From 43aa5664fe1da02e96416ff150caca5e6f12c4a6 Mon Sep 17 00:00:00 2001
From: Andras Banki-Horvath <bhandras@gmail.com>
Date: Wed, 29 Jan 2025 20:21:52 +0100
Subject: [PATCH 1/2] notifications: implement incremental backoff for invalid
 L402 tokens

---
 notifications/manager.go      |  77 +++++++++++----
 notifications/manager_test.go | 173 ++++++++++++++++++++++++++++++++++
 2 files changed, 230 insertions(+), 20 deletions(-)

diff --git a/notifications/manager.go b/notifications/manager.go
index edbfd306f..d3cf194c1 100644
--- a/notifications/manager.go
+++ b/notifications/manager.go
@@ -26,6 +26,13 @@ const (
 	NotificationTypeStaticLoopInSweepRequest
 )
 
+const (
+	// defaultMinAliveConnTime is the default minimum time that the
+	// connection to the server needs to be alive before we consider it a
+	// successful connection.
+	defaultMinAliveConnTime = time.Minute
+)
+
 // Client is the interface that the notification manager needs to implement in
 // order to be able to subscribe to notifications.
 type Client interface {
@@ -45,6 +52,10 @@ type Config struct {
 	// CurrentToken returns the token that is currently contained in the
 	// store or an l402.ErrNoToken error if there is none.
 	CurrentToken func() (*l402.Token, error)
+
+	// MinAliveConnTime is the minimum time that the connection to the
+	// server needs to be alive before we consider it a successful.
+	MinAliveConnTime time.Duration
 }
 
 // Manager is a manager for notifications that the swap server sends to the
@@ -60,6 +71,11 @@ type Manager struct {
 
 // NewManager creates a new notification manager.
 func NewManager(cfg *Config) *Manager {
+	// Set the default minimum alive connection time if it's not set.
+	if cfg.MinAliveConnTime == 0 {
+		cfg.MinAliveConnTime = defaultMinAliveConnTime
+	}
+
 	return &Manager{
 		cfg:         cfg,
 		subscribers: make(map[NotificationType][]subscriber),
@@ -128,13 +144,18 @@ func (m *Manager) SubscribeStaticLoopInSweepRequests(ctx context.Context,
 // close the readyChan to signal that the manager is ready.
 func (m *Manager) Run(ctx context.Context) error {
 	// Initially we want to immediately try to connect to the server.
-	waitTime := time.Duration(0)
+	var (
+		waitTime     time.Duration
+		backoff      time.Duration
+		connAttempts int
+	)
 
 	// Start the notification runloop.
 	for {
-		timer := time.NewTimer(waitTime)
 		// Increase the wait time for the next iteration.
-		waitTime += time.Second * 1
+		backoff = waitTime + time.Duration(connAttempts)*time.Second
+		waitTime = 0
+		timer := time.NewTimer(backoff)
 
 		// Return if the context has been canceled.
 		select {
@@ -145,37 +166,55 @@ func (m *Manager) Run(ctx context.Context) error {
 		}
 
 		// In order to create a valid l402 we first are going to call
-		// the FetchL402 method.
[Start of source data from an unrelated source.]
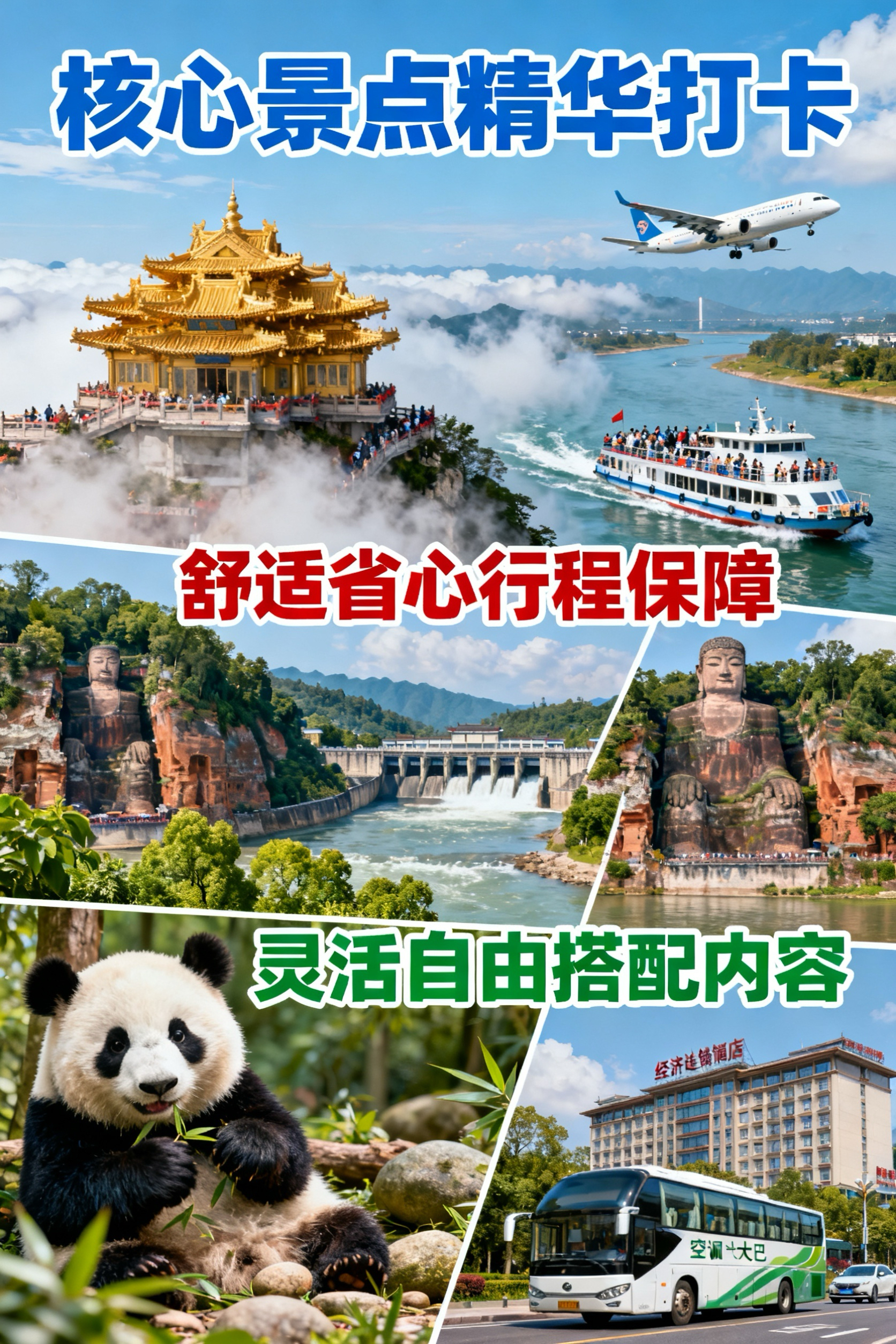 早餐后前往风情古街【象城禅意小镇】,这里传承了川西仿古建筑风格,融入了当地的文化风情。是峨眉山市颇具特色的民俗文化旅游街。【游船乐山】:告别超3小时排队,拒绝往返25层楼高徒步,这才是欣赏大佛更好的角度!乘船观看大佛全貌,更好的感受大佛威严壮观,并诚心为自己,为家人,为朋友祈福!
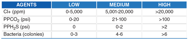 - High levels of Cl+ are not enough to qualify a corrosion level in the absence of an agent (CO2, H2S or bacteria);
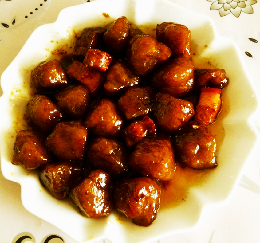 山粉圆也称山粉丸,满堂红。用山粉,芋艿拌入煮鸡肉卤汁,加碎肉,佐料和匀,撮入蒸笼炊熟,食用时再切成片,条或粒。山粉以蕨根粉为正品,葛粉次之,现多用番薯粉。山粉圆是松阳农家除夕夜少不了的一盘美食,寓祝着一家人来年美满幸福,团团圆圆。每逢大小喜宴最后上的一盘也便是山粉圆,其寓意着圆圆满满,皆大欢喜。想吃正宗山粉圆,还得在过年时的松阳农家。

As a client might not have outbound capacity
-		// yet, we'll retry until we get a valid response.
+		// the FetchL402 method. As a client might not have outbound
+		// capacity yet, we'll retry until we get a valid response.
 		if !m.hasL402 {
 			_, err := m.cfg.CurrentToken()
 			if err != nil {
-				// We only log the error if it's not the case that we
-				// don't have a token yet to avoid spamming the logs.
+				// We only log the error if it's not the case
+				// that we don't have a token yet to avoid
+				// spamming the logs.
 				if err != l402.ErrNoToken {
-					log.Errorf("Error getting L402 from store: %v", err)
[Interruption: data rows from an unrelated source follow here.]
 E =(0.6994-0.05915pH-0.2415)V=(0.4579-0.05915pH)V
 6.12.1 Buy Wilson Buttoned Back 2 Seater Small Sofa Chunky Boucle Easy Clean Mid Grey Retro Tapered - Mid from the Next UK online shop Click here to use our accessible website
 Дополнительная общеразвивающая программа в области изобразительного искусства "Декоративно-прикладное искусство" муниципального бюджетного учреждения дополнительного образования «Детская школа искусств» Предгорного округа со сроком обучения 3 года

+					log.Errorf("Error getting L402 from "+
+						"the store: %v", err)
 				}
 				continue
 			}
 			m.hasL402 = true
 		}
 
-		connectedFunc := func() {
-			// Reset the wait time to 10 seconds.
-			waitTime = time.Second * 10
-		}
-
-		err := m.subscribeNotifications(ctx, connectedFunc)
+		connectAttempted := time.Now()
+		err := m.subscribeNotifications(ctx)
 		if err != nil {
-			log.Errorf("Error subscribing to notifications: %v", err)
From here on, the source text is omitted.